Without waiting for a reply, he walked off the tarmac and onto the boggy tundra.
Banks wasn’t entirely sure he’d made the right decision; maybe he should have tried for the stairs while the lion and Alma were fighting, and maybe they might be holed up safe in a larder or cellar by now. But his gut told him that this current plan was the lesser of two evils, and it was his gut that had kept them alive so far on this trip; he had to trust it now.
Within a few paces, they reached a wide gap in the enclosure fencing, where metal poles as thick as Banks’ arm had been torn from the ground and bent at almost right angles before being tossed aside. They went through, deeper into the fog. Banks tried to maintain a compass in his head, looking for reference points that might help him retrace his steps if required, but the fog was thicker here, and there was just his light showing him his boots and the mire below him.
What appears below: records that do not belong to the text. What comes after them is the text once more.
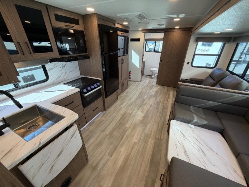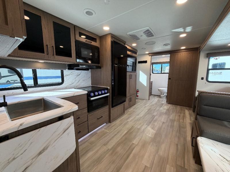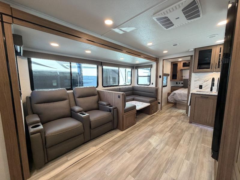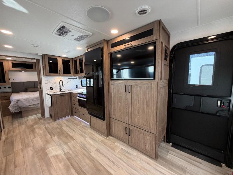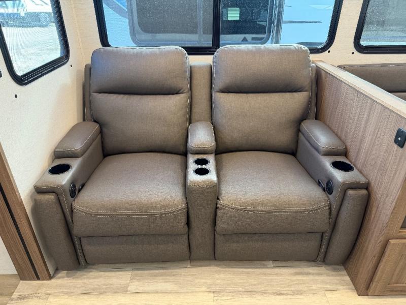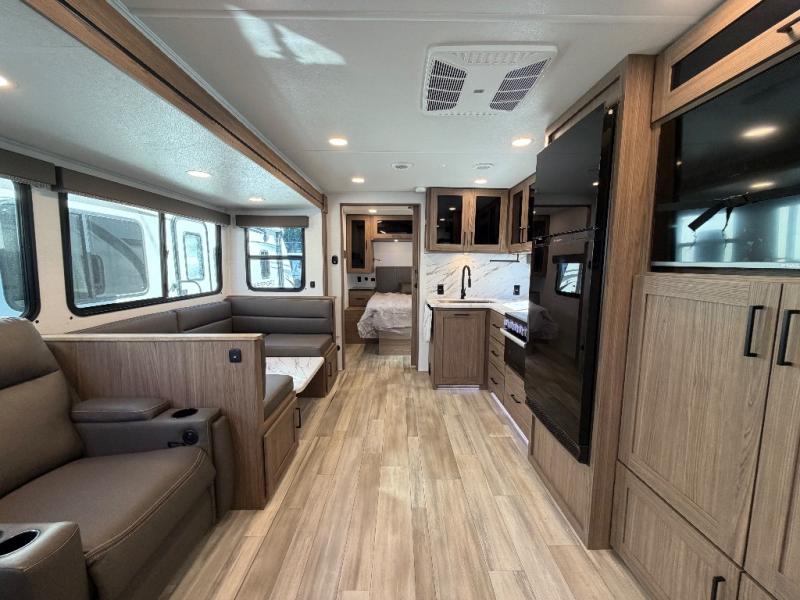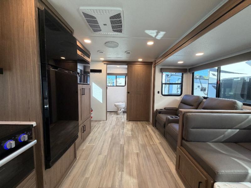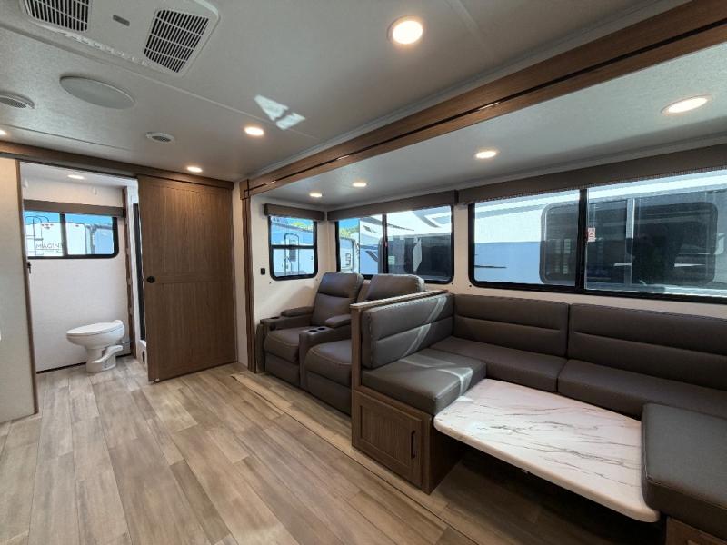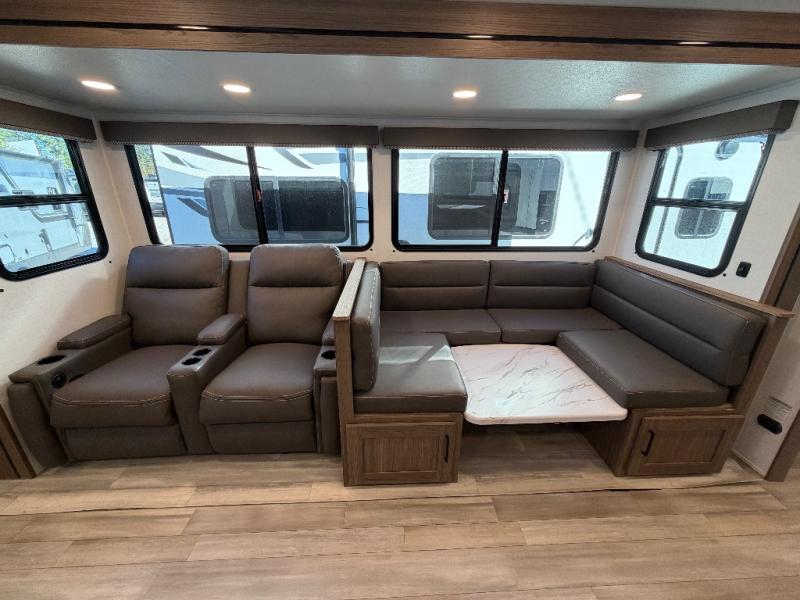 The full rear bath provides a 30" x 36" shower, vanity with sink, toilet, and a linen cabinet to store towels and toiletries. It’s the perfect retreat to freshen up after a day of adventure.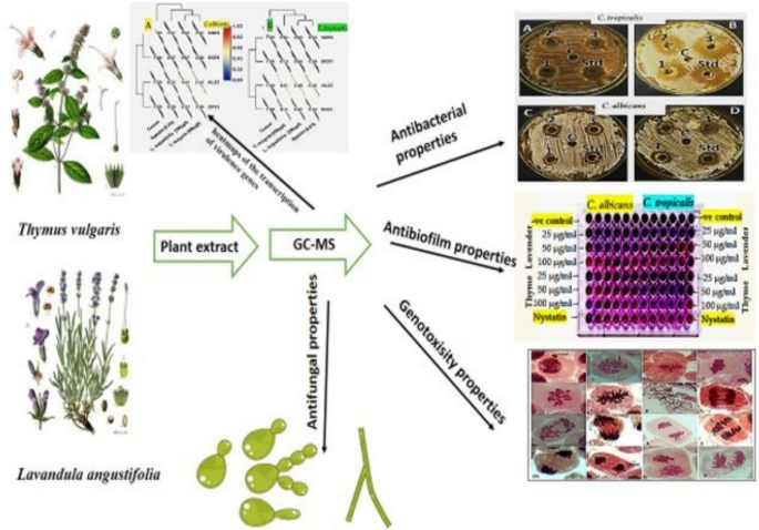 Keywords: Lavandula angustifolia and Thymus vulgaris; Candida albicans ATCC 2091 and Candida tropicalis ATCC 1369; Gene expression; Virulence genes; RT‒PCR; Cell damage; Genotoxicity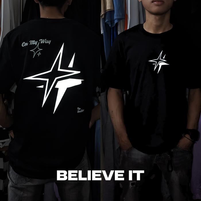 Kaos Reflektif Nyala Believe It Tshirt Distro Pria Wanita Cotton Combed 30s kdr30s

Every footstep in the boggy ground was like wading in thick treacle that threatened to pull off his boots at any second. Galloway with his bad ankle must be in agony already, and Banks knew they weren’t going to make it far. But after several minutes, he smelled a stronger stench than anything else they’d encountered, and his gut feeling told him he’d been brought to the right place when they descended into a hollow, and the smell got stronger still.
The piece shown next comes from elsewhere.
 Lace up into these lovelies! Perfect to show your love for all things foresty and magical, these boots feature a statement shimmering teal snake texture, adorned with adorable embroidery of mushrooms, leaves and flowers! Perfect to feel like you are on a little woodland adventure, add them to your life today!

“Bloody hell, Cap,” Wiggins said quietly. “It smells like shite here.”
“That’s because it is shite,” Banks replied. “Mammoth shite at a guess, and plenty of it.”
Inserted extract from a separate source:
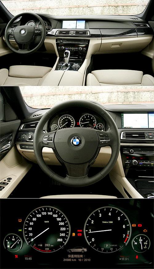 排檔設(shè)計(jì)也由上一代的方向盤(pán)橫置排檔桿設(shè)計(jì),改回中央排檔桿樣式的Steptronic六前速手自一體,棱角排檔桿造型也與新家族設(shè)計(jì)同步,結(jié)合新一代iDrive操控接口、電子式駐車(chē)、動(dòng)態(tài)駕馭控制系統(tǒng)與ESP off按鍵。與750Li相同的三幅造型方向盤(pán)雖然風(fēng)格沿用,但是多功能按鍵的排列則改為利于雙手拇指操作的左右水平對(duì)稱(chēng)設(shè)計(jì),不僅如此,五代7系儀表改為全液晶屏幕顯示,不僅在按壓電門(mén)啟動(dòng)鍵后,清晰呈現(xiàn)豐富的儀表信息,液晶化的顯示優(yōu)勢(shì),也讓行車(chē)信息的圖象顯示功能更為精進(jìn),成為駕馭接口的進(jìn)化重點(diǎn)。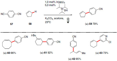 ![]() Esquema 26. Reação de arilação de ligações alílica C(sp3)-H desenvolvida por MacMillan e colaboradores

“Then let’s get the flock out of here before I spew,” Wiggins replied.
“Nope, get settled, we’re staying put. I’ve seen it in Africa; they use elephant shite, smeared on the houses to keep predators away. And it works.”
“Aye,” Wiggins said. “The lad next door to me in Glasgow used to use dog’s shite to keep his mother-in-law away. That worked too. But I didn’t like it then, and I don’t like it now.”
“Tough,” Banks said. “Just think yourself lucky I don’t order you to roll in it—although it might come to that yet.”
The hollow was little more than an eight-feet-wide, four-feet-deep cavity in the tundra. The bottom was damp, but not any more than the rest of the moorland. Large clumps of darker material, accumulated dung of the mammoth herd, lined the bottom, and some of the walls.
“Cozy,” Hynd said laconically.
“We’ve slept in worse places though,” McCally added.
“And with smellier women too,” Wiggins replied. “Remember Brenda in Belfast?”
“Stow it, lads,” Banks said quietly. “We’re supposed to be hiding, remember?”
Galloway had already sat down in the bottom of the hollow ignoring the cold damp that must already be seeping through his clothes in order to check on the bandages at his ankle. The scientist looked up at Banks and smiled wanly.
“I’ll live—I hope. But I won’t be walking any farther for a while.”
“With any luck, you won’t have to,” Banks replied. “Now, quiet lads, and lights out. Take a sector each, and don’t shoot unless you really need to. Get settled as much as you can. We’ve got a long wait ‘til morning.”
By Banks’ reckoning, the quadrant he’d chosen to stand watch over was the one that faced directly back to the complex, but he saw nothing but fog, still glowing faintly green where the aurora seeped through from above. There was a slight breeze wafting the fog to and fro, sending it swirling at times, but there was no sound now, and nothing to see. If he turned to his left or right, he could just about make out the darker shadows of the other men, Wiggins and Hynd, but when facing forward, it felt like he was lost, alone, in the green glow.
The lack of anything to concentrate on, anything to look at or listen to, meant that it was a struggle to maintain focus. His mind kept slipping away to earlier events of the night, of poor Waterston being squeezed to death, of the mayhem in the cave mouth, of the flight in the dark through the domes, and the bloody battle between lion and Alma. He wondered whether one side had prevailed over the other, and hoped that both sides had taken enough damage to keep them quiet, until morning at least.
That hope was dashed when he heard a distinct, and loud, sniff coming out of the fog, only feet in front of him.